После этого он как-то и говорит мне: «Вот, слухай, до меня только щас дошло – куды я лез?! А если бы выбрали?! Пришёл бы в сельсовет… Деньги – деньгами, а чё делать-то? Угля надо – а я куды бы побежал за ним? К кому? Да это ещё не всё… Такой хомут на шею! Да на хрена ж надо было писать заявление?!» А я: «Знаешь, так вот и попадают – выбирают!» И потом начинается… - смотрит Борисыч на корреспондента, но тот молчит. - Возьми для примеру нашего сельского главу. Он хотел вместе с компанией своей поиграться в демократию, но его возьми да и выбери! И когда выбрали да залез он в дела по самую шейку, тут же назад пятками! Но возврату нету: назвался груздем – полезай в кузов! Так и тянул лямку до новых выборов. Это ж надо с людьми говорить уметь, надо постоянно изворачиваться, чтоб и дело без денег сделать, и закон не нарушить. И в кутузку не загреметь за нарушение законов, которые расставлены, будто силки в лесу. Не – не по мне такая жизнь.

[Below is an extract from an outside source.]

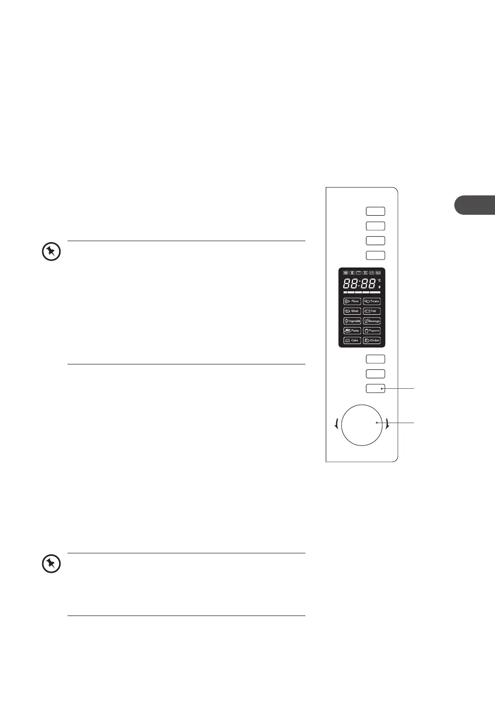 4. Press the Start/+30Sec./Confirm (1) button to start cooking.

В качестве резюме, стало быть, хочу добавить. Выходит как-то из конторы Ляхина и хохочет. Я вижу это, приспрашиваюсь на предмет того, чего это она в рабочее время хохочет вдруг, выходя из конторы.

Так прямо и спрашиваю: «Чего тебе чудно так рассказали? Не на концерте же была у Задорнова!» А мы, надо сказать, дружны с ней были: когда я пацаном возил копны, мы вместе ночевали в курене.

Ляхина не отвечает; некогда ей – знай своё: ха-ха-ха!

«Вот человек! - сказала она наконец. - Пришла к председателю колхоза. Он мне так рассказал, столь анекдотов поведал! И не дал, чего я просила, и не отказал. С тем и отправил – ни с чем. И вот я кубы какая вышла довольная!» Вот кому главой сельсовета быть – не миновать!»

Корреспондент обидчиво поджимает губы и выключает диктофон.

- Не будет тебе долларов, - выключает камеру Жорж. - Где изнанка жизни-то?
Полкан закрывает лапой глаза.

Борисыч чует недоброе.

Над двором нависает мрачная тишина.

Летевшая мимо двора ворона вдруг разворачивается и спешно скрывается за ближайшим углом сарая.

- Принимаю себе во внимание, - произносит Борисыч тихо, но так, чтобы даже Полкан расслышал. - Жадные вы до денег! Хотите присвоить. - Он повышает голос: - Вот она и есть – изнанка жизни: одурачить меня хотите.

Полкан трусцой отбегает к калитке и перекрывает телеви-зионщикам дорогу к отступлению.

- Дед, - пытается отыграть назад корреспондент с диктофоном. - Нам бы с перчиком чего-нибудь. Не скупись! За нами не заржавеет.

- Ага! Принимаю себе во внимание, - радуется Борисыч. - Сексу вам подавай!

- Да не нам, дед, не нам, - морщится главный корреспондент и показывает пачку долларов. - Народу надо! А сексу мы и без тебя добавим, сколько надо. Ты только подведи сюжет к такому щекотливому моменту.

Борисыч аж светится весь: бабка вернётся домой, а он её осыплет долларами.

«Меняемся, - скажет. - Ты мне свою пенсию – я на неё с устатку шкалик беленькой возьму, а тебе – вся вот эта американская пачка!» То-то бабка возликует возможности помочь детям и внукам в городе.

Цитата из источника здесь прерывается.